● **WHAT THIS TASK INVOLVES**
Beginning with the line that holds "Hotel Sofitel Le Méditerranée" and ending with the last line of the entries below, copy every line exactly and nothing else, with the pictures left out.

------------------------------------------------------------

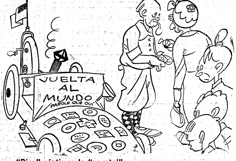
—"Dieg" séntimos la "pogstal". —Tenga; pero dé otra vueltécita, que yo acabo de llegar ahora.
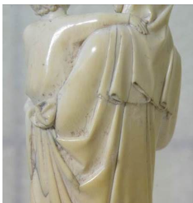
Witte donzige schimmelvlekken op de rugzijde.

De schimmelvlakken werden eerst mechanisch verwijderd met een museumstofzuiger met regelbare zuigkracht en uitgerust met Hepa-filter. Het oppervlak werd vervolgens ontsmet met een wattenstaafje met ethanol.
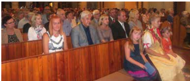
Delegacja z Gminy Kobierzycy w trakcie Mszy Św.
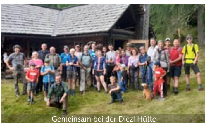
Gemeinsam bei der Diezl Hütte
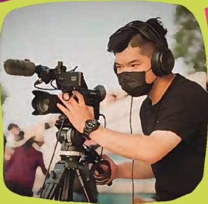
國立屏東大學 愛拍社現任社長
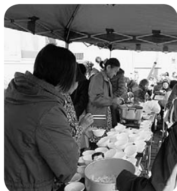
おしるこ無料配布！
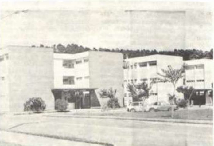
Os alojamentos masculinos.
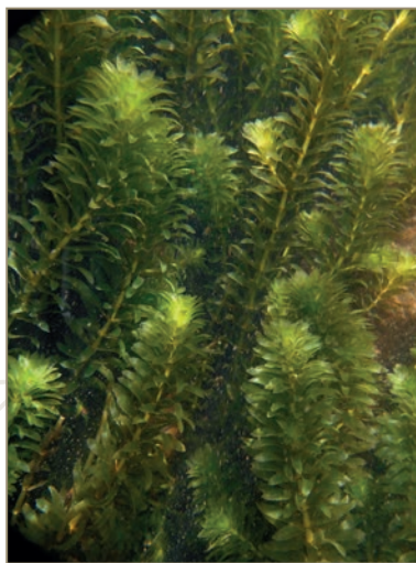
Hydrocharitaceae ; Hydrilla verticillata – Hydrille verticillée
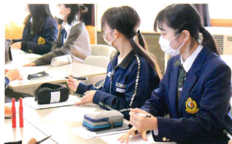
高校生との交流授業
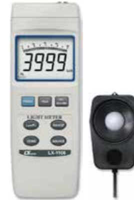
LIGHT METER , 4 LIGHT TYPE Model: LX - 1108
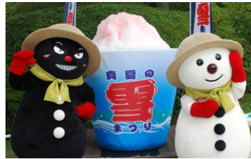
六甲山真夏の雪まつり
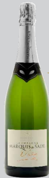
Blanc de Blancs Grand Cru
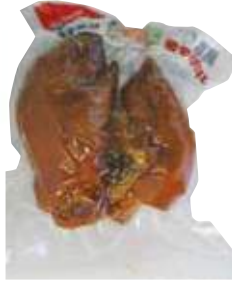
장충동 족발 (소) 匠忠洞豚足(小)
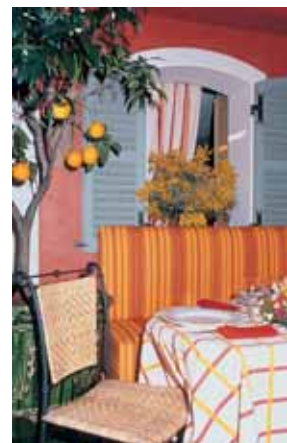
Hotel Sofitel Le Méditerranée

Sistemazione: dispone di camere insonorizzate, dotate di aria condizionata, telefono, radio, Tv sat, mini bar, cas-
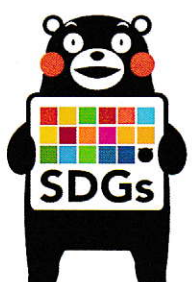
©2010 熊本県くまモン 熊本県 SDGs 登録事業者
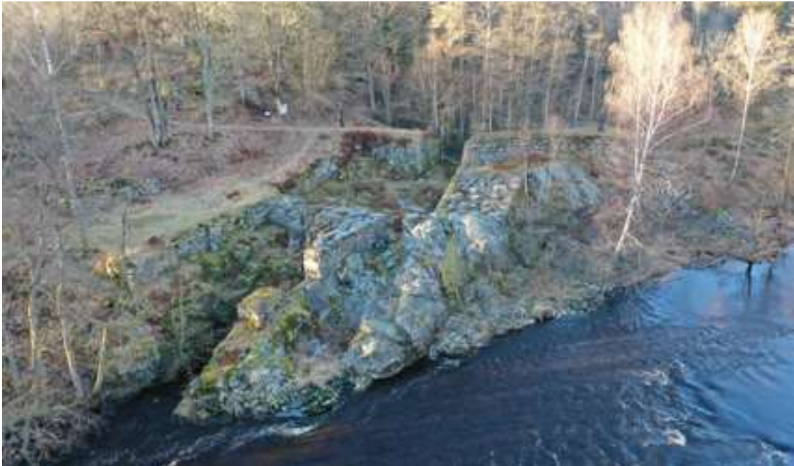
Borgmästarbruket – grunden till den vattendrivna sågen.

------------------------------------------------------------

● **SOLUTION TO THE EXERCISE**
Hotel Sofitel Le Méditerranée

Sistemazione: dispone di camere insonorizzate, dotate di aria condizionata, telefono, radio, Tv sat, mini bar, cas-
©2010 熊本県くまモン 熊本県 SDGs 登録事業者
Borgmästarbruket – grunden till den vattendrivna sågen.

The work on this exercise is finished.